Section 1331 is a general jurisdictional statute providing the district court with jurisdiction for "all civil actions arising under the Constitution, laws, or treaties of the United States." 28 U.S.C. § 1331. General jurisdictional statutes do not independently waive the Government's sovereign immunity. Taylor v. United States , 2008 WL 4218770, at *3-4 (5th Cir. 2008) ; Beale v. Blount , 461 F.2d 1133, 1138 (5th Cir. 1972) ; Divine v. United States , 328 F.2d 305 (5th Cir. 1964) (no waiver under 28 U.S.C. § 1343 ).

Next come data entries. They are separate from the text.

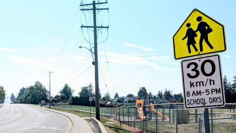 Image: Mission RCMP / Provided / Mission RCMP is urging drivers to pay attention to school zone signs, like the one along Stave Lake Street, as kids start heading back to class this week.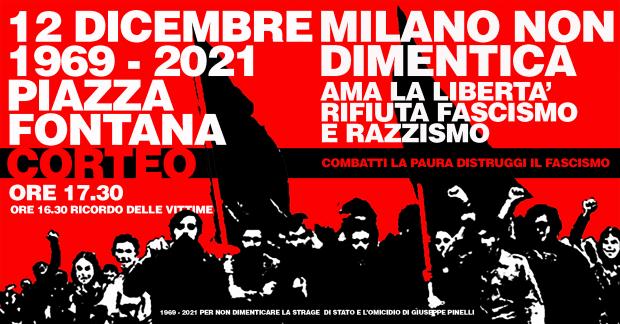 Domenica 12 dicembre cade il 52° anniversario della strage di Stato per mano fascista, alla Banca Nazionale dell'Agricoltura in Piazza Fontana. Associazioni, realtà di movimento, collettivi studenteschi, organizzazioni politiche e sindacali, saranno in piazza per un corteo che attraverserà la città.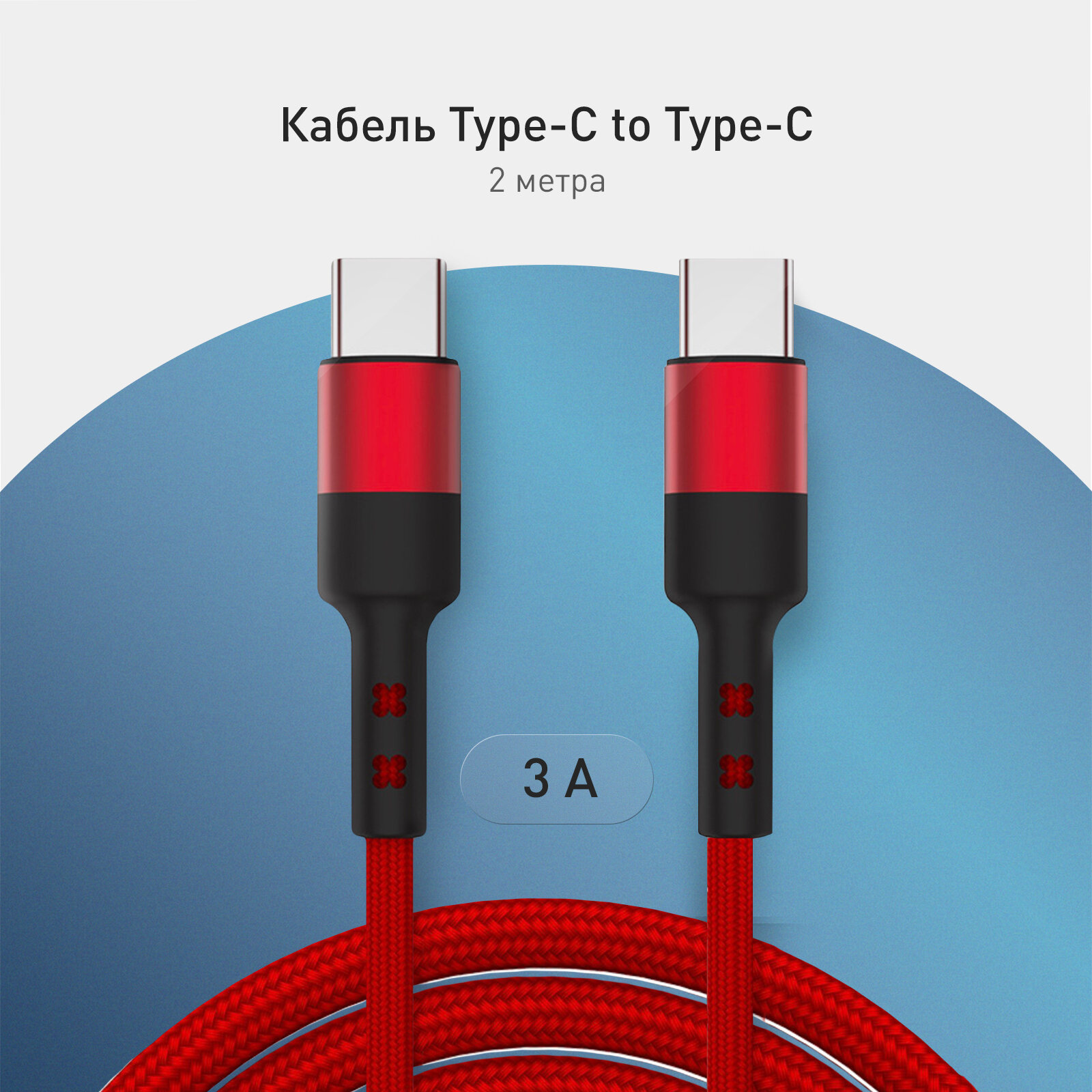 Зарядный кабель USB Type-C to Type-C Rosco, быстрая зарядка 65W, в нейлоновой оплётке, красный, 2 метра 537 ₽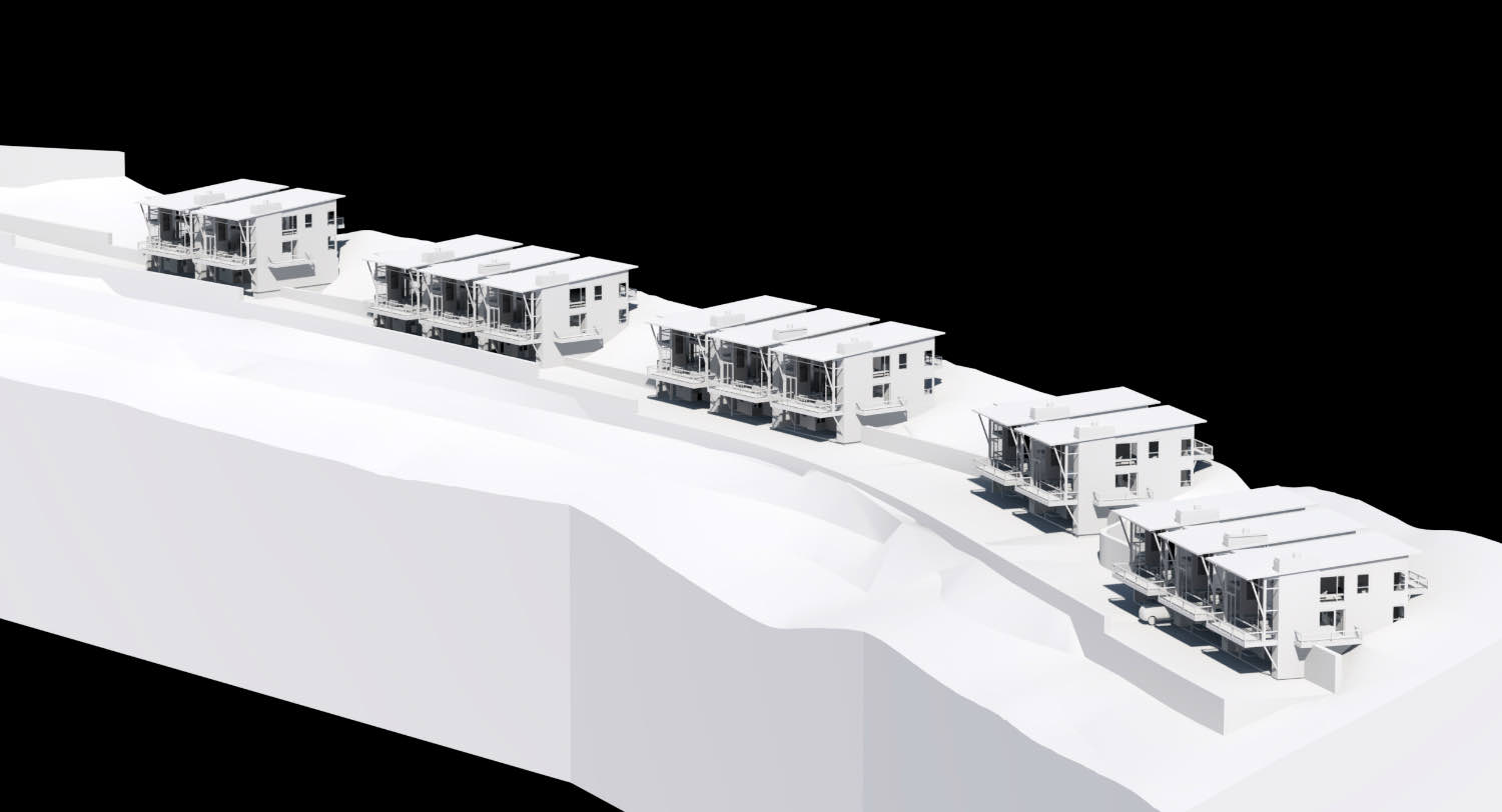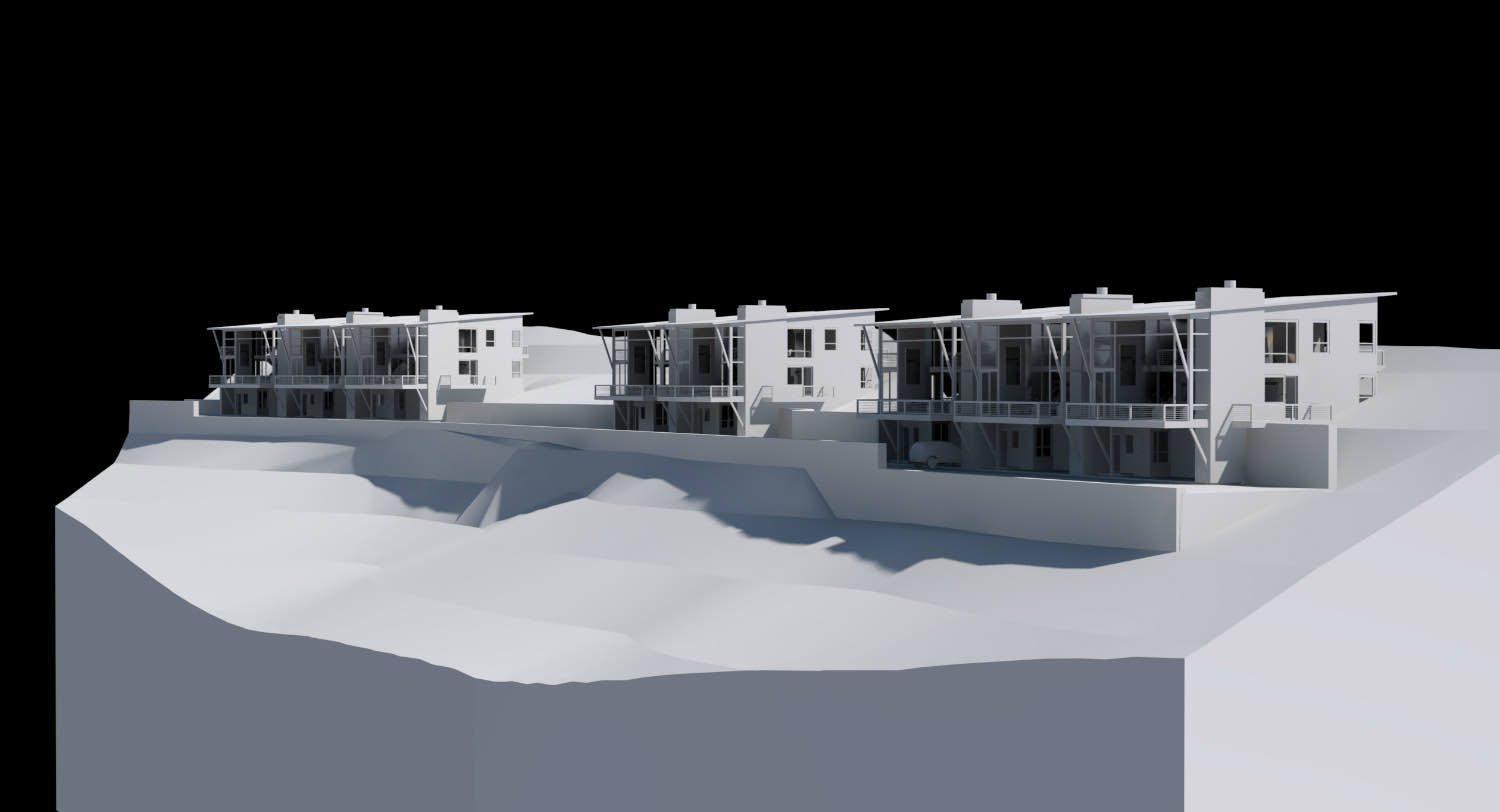Steep sites create design challenges that flat lots don't. When you're working on a slope, every decision about foundation, access, and how the building steps with the terrain affects both construction cost and how people experience the architecture. This townhome development shows one approach to making slope work in your favor rather than fighting it.

Having found that exercise of subject-matter jurisdiction is not otherwise proper in this matter, the Court cannot rely on the general jurisdictional statute to fill that void.
C. Appropriateness of Dismissal at this Juncture
Finally, the Court is aware that under Federal Rule of Civil Procedure 15(a)(1)(A), Petitioners "may amend [their] pleading once as a matter of course within ... 21 days after serving it." Both parties have cited to cases relating to the litigation of prison conditions under Prison Litigation Reform Act ("PLRA"), 18 U.S.C. § 3626. See Brown v. Plata , 563 U.S. 493, 131 S.Ct. 1910, 179 L.Ed.2d 969 (2011) (addressing Eighth Amendment violations of prison conditions in California state prisons under the PLRA and its specific requirements, including a 3-judge panel); see also Money, supra (addressing the safety and well-being of state court prisoners housed by the Illinois Department of Corrections during the COVID-19 pandemic). However, to the extent that Petitioners would move to amend their Complaint to assert a claim for injunctive or other prospective relief under the PLRA, such amendment would be futile where there are no factual allegations that Petitioners have exhausted their administrative remedies, nor have the other requirements for the "release" of prisoners been met. See 18 U.S.C. § 3626(a)(2)-(3).
The PLRA defines "the term ‘prison’ " to include "any Federal ... facility that incarcerates or detains.... adults accused of, convicted of, sentenced for, or adjudicated delinquent for, violations of criminal law." 18 U.S.C. § 3626(g)(5). The "term ‘prospective relief’ means all relief other than compensatory monetary damages[.]" Id. at § 3626(g)(6).
IV. CONCLUSION
For the foregoing reasons, Respondents' Motion to Dismiss is GRANTED IN PART and DENIED IN PART AS MOOT. To the extent that Respondents move to dismiss under Federal Rule of Civil Procedure 12(b)(1) for lack of subject-matter jurisdiction, the motion is GRANTED, and Petitioners' Complaint is DISMISSED WITH PREJUDICE. To the extent that Respondents moved to dismiss under Federal Rule of Civil Procedure 12(b)(6) for failure to state a claim, the Court has not reached those arguments, and the motion is DENIED AS MOOT.